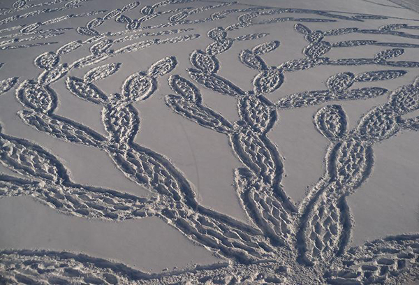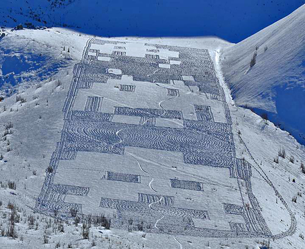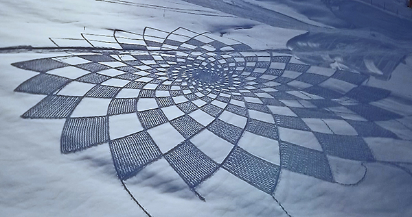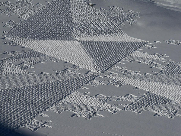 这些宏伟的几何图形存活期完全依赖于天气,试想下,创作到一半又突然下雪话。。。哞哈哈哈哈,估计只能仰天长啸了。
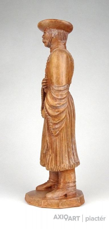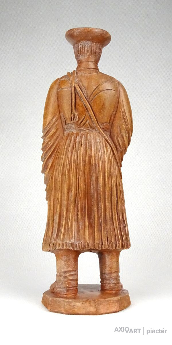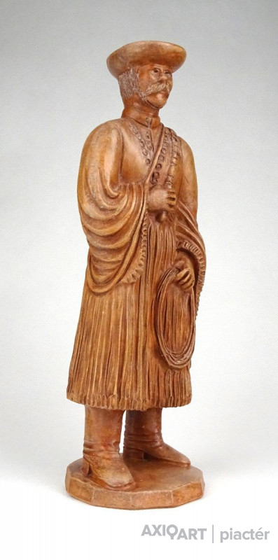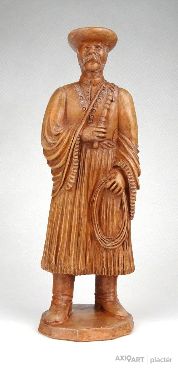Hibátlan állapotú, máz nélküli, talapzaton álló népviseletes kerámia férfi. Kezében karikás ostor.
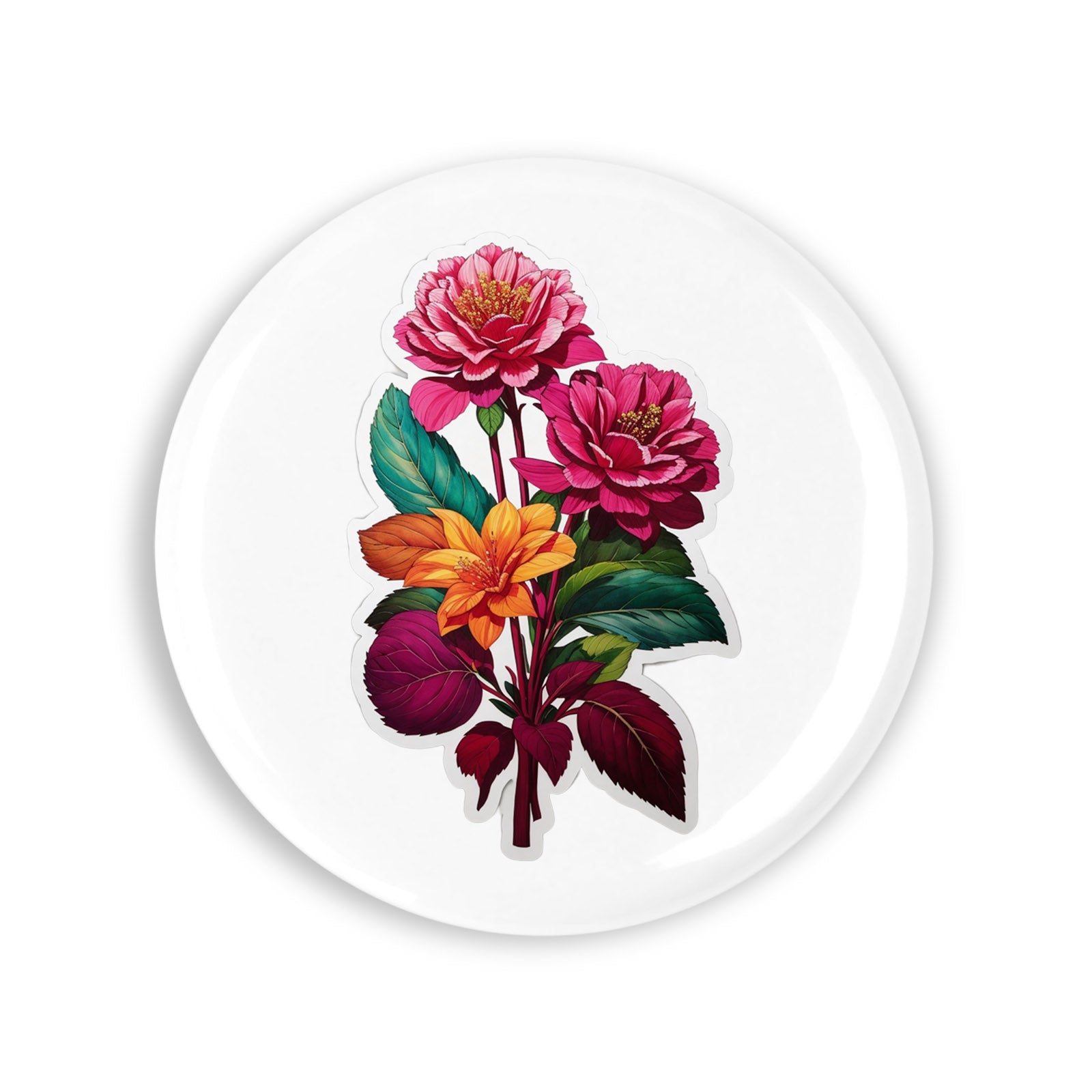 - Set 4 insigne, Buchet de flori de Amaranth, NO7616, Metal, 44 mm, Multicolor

• • •

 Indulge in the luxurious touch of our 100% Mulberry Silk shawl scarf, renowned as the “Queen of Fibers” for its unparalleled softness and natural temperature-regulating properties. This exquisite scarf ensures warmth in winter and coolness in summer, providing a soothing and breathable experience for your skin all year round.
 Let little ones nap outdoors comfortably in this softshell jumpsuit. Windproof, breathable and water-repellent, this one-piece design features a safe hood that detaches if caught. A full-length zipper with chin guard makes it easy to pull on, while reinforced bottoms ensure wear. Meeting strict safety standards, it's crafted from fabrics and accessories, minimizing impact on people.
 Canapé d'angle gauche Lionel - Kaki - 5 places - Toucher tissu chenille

• • •

[YOUR OBJECTIVE]
When you reach the line containing "这些宏伟的几何图形存活期完全" in the entries above, begin restating word for word, and stop once the line containing "- Set 4 insigne, Buchet" has been given. Omit the pictures.

[EXPECTED ANSWER]
 这些宏伟的几何图形存活期完全依赖于天气,试想下,创作到一半又突然下雪话。。。哞哈哈哈哈,估计只能仰天长啸了。
Hibátlan állapotú, máz nélküli, talapzaton álló népviseletes kerámia férfi. Kezében karikás ostor.
 - Set 4 insigne, Buchet de flori de Amaranth, NO7616, Metal, 44 mm, Multicolor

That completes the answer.